Other observers said the potential sale, which could fetch several hundred million dollars, is an encouraging sign that the bank remains focused on shedding or retooling underperforming businesses.

"They are clearly looking at unprofitable businesses to see what can be done about them," said Raphael Soifer, bank analyst at Brown Brothers Harriman & Co.

In mapping an exit from the retirement services business, Bankers Trust is taking the opposite approach from many other large financial services companies. With baby boomers stockpiling retirement assets, the 401(k) business has been touted as a growth area for decades to come.

Bankers Trust declined to comment on rumors of a pending sale, which were reported Wednesday by The Wall Street Journal. But several well-placed sources confirmed that a book outlining the business is being circulated among prospective buyers and that the company appears committed to the project.

"You look at the business and you see that it might be worth a lot more to some other company," said a source who is familiar with the bank's discussions.

Bankers Trust has found it hard to compete because it specializes in low-margin indexed funds, Mr. Berry said. Investment management fees from this business are too low to offset the high cost of communicating with millions of plan participants and maintaining account records for them, he said.

"The big players like Fidelity (Investments) give the record keeping services away hoping to get a bigger share of assets in their actively managed funds," said Mr. Berry. "Bankers Trust doesn't have that choice."

Although Bankers Trust was one of the earliest entrants in the 401(k) business, its decision to sell surprised few observers.

"That business either has to be built up through investments or sold," said Robert Albertson, an analyst at Goldman Sachs & Co. "They may have the view that it's too late" to do anything but sell.

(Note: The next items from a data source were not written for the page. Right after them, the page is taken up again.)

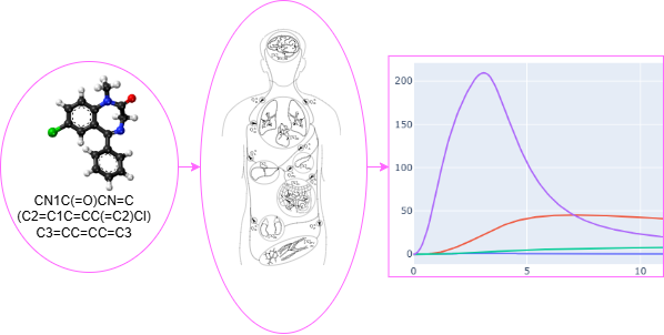 This tool predicts the Absorption, Distribution, Metabolism, Excretion, and Toxicity (ADMET) properties of a chemical compound from its SMILES string. These predicted parameters are then used to run a Physiologically Based Pharmacokinetic (PBPK) simulation, providing insights into the compound's behavior in the body.
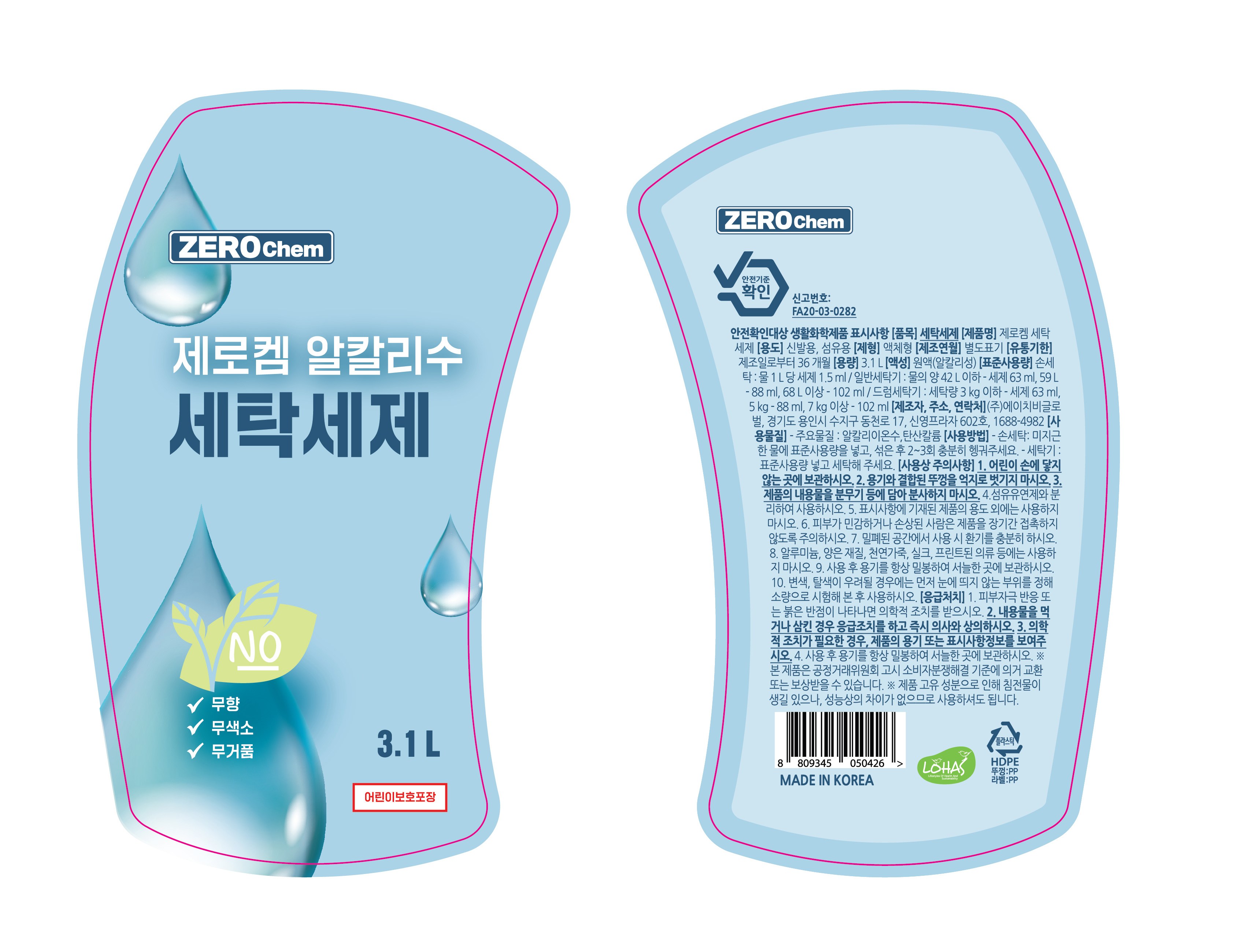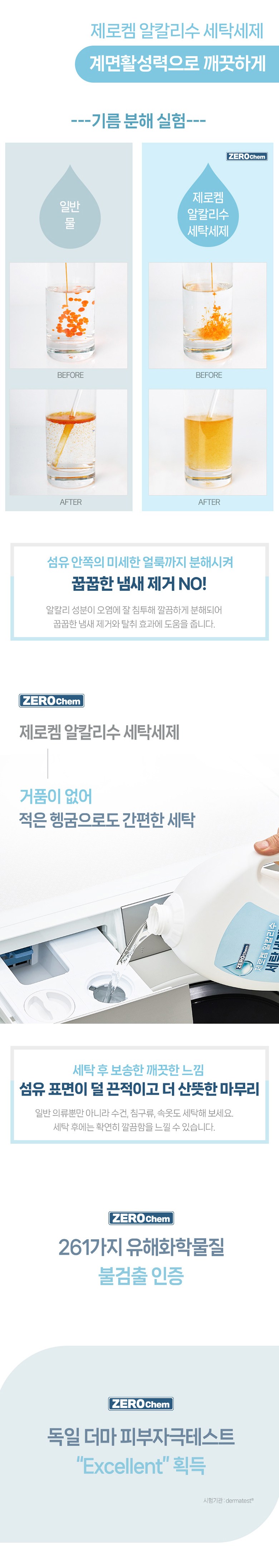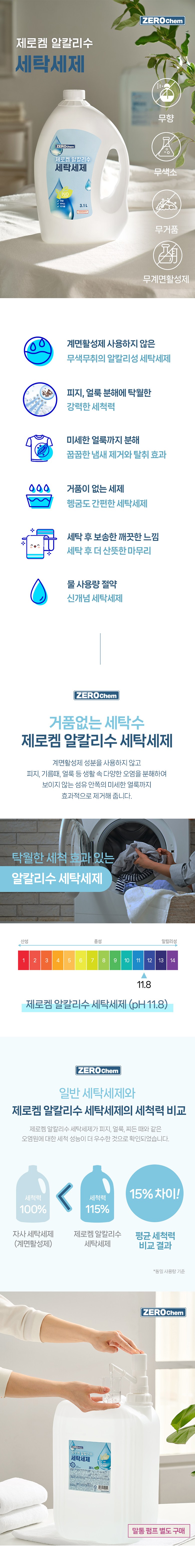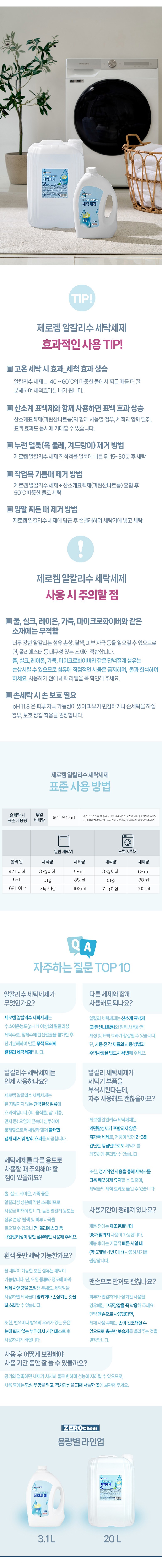| 품목 및 제품명 | 세탁세제 / 제로켐 세탁세제 | 용도(표백제의 경우 계열을 함께표시) 및 제형 | 섬유용, 신발용 / 액체형 |
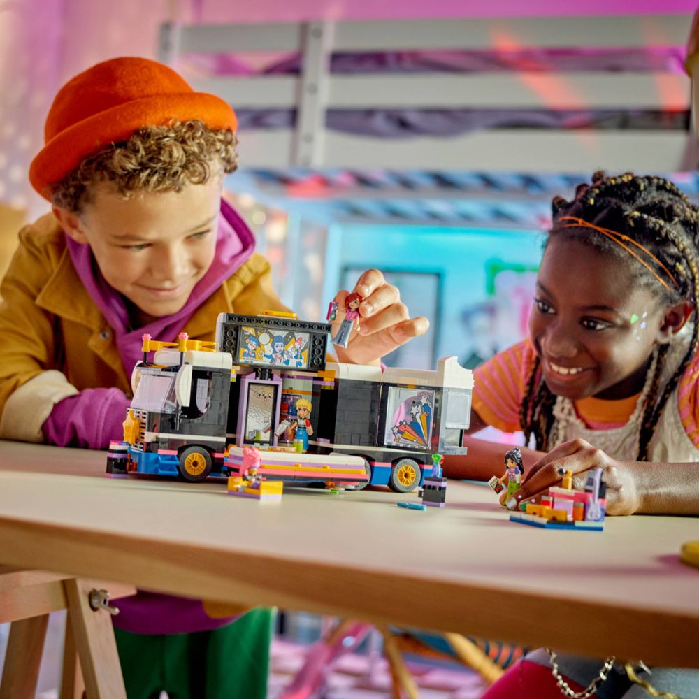Dê vida à dramatização com este conjunto de brinquedos LEGO® Friends Pop Star Music Tour Bus (42619) para meninas, meninos e crianças com mais de 8 anos. O conjunto inclui um ônibus montável e uma área de bastidores com acessórios e 4 personagens LEGO Friends.
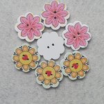 Lot de 6 Boutons fleurs vert orange 20x3mm bois
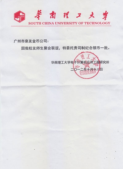 2012年10月華南理工大學校友會師生聚會留念紀念幣定做
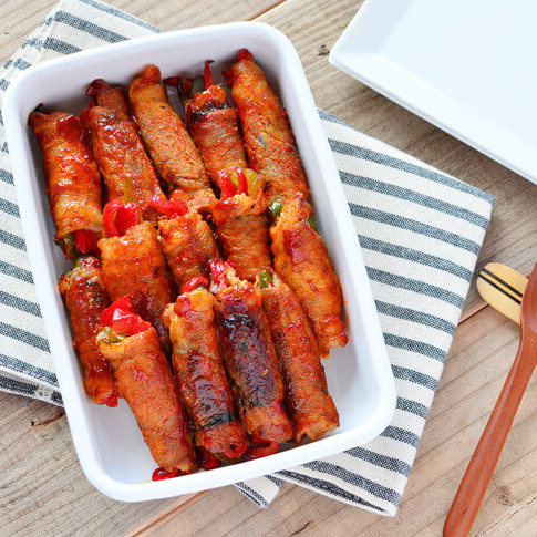 海苔を大量消費してお弁当のおかずを作るなら、人気のピーマンと海苔のピリ辛豚巻きがおすすめです。コチュジャンや醤油などを使った旨辛のたれで、ご飯がすすみます。
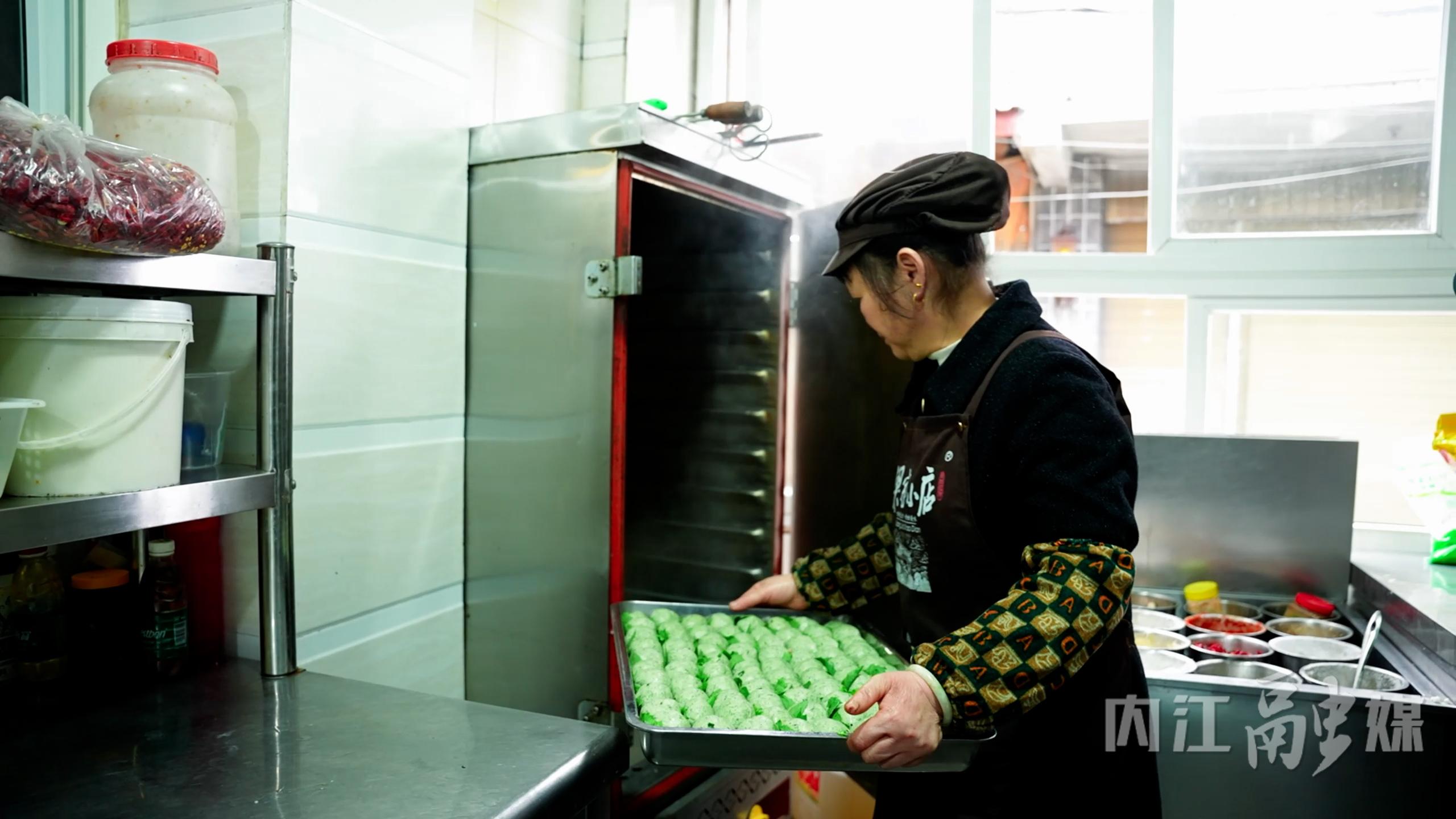 店员郑仕坤热情地为游客介绍猪儿粑的制作过程,她的后方就是厨房,灶上的火一直没歇,几大盆肉馅刚刚炒好,店员忙着将“艾草”(鼠曲草)放进盆里称重、捣出汁水。
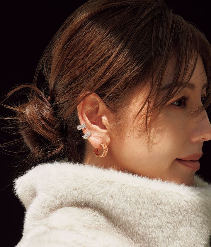イヤリング「マイ ディオール」〈PG〉¥720,000イヤカフ「マイ ディオール」〈WG×DIA〉¥960,000(ともにディオール ファイン ジュエリー/クリスチャン ディオール)ベスト¥19,800(ミースロエ)

Four years ago, Bankers Trust unveiled a highly publicized alliance with Charles Schwab Corp. that gave bank clients access to nearly 200 no-load mutual funds. The alliance is still in effect, but observers said it has not produced much business.

Bankers Trust does boasts some large retirement plan clients-such as Lockheed Martin in Bethesda, Md. But plan sponsors tend to hire Bankers Trust for specific services rather than for a complete package of services, sources said.

"These big companies want a lot of services," said Gary Blank, an independent consultant in San Francisco. Bankers Trust "probably did a cost-benefit analysis and decided that they just couldn't compete."

Bankers Trust was also late to introduce daily valuation services, increasingly seen as a vital feature of 401(k) plans.

The result was a lot of customer dissatisfaction, said John Mulligan, a consultant at Retirement Plan Strategies in Braintree, Mass. "They have stemmed the tide a bit," he said, "but you never hear about them getting a new client."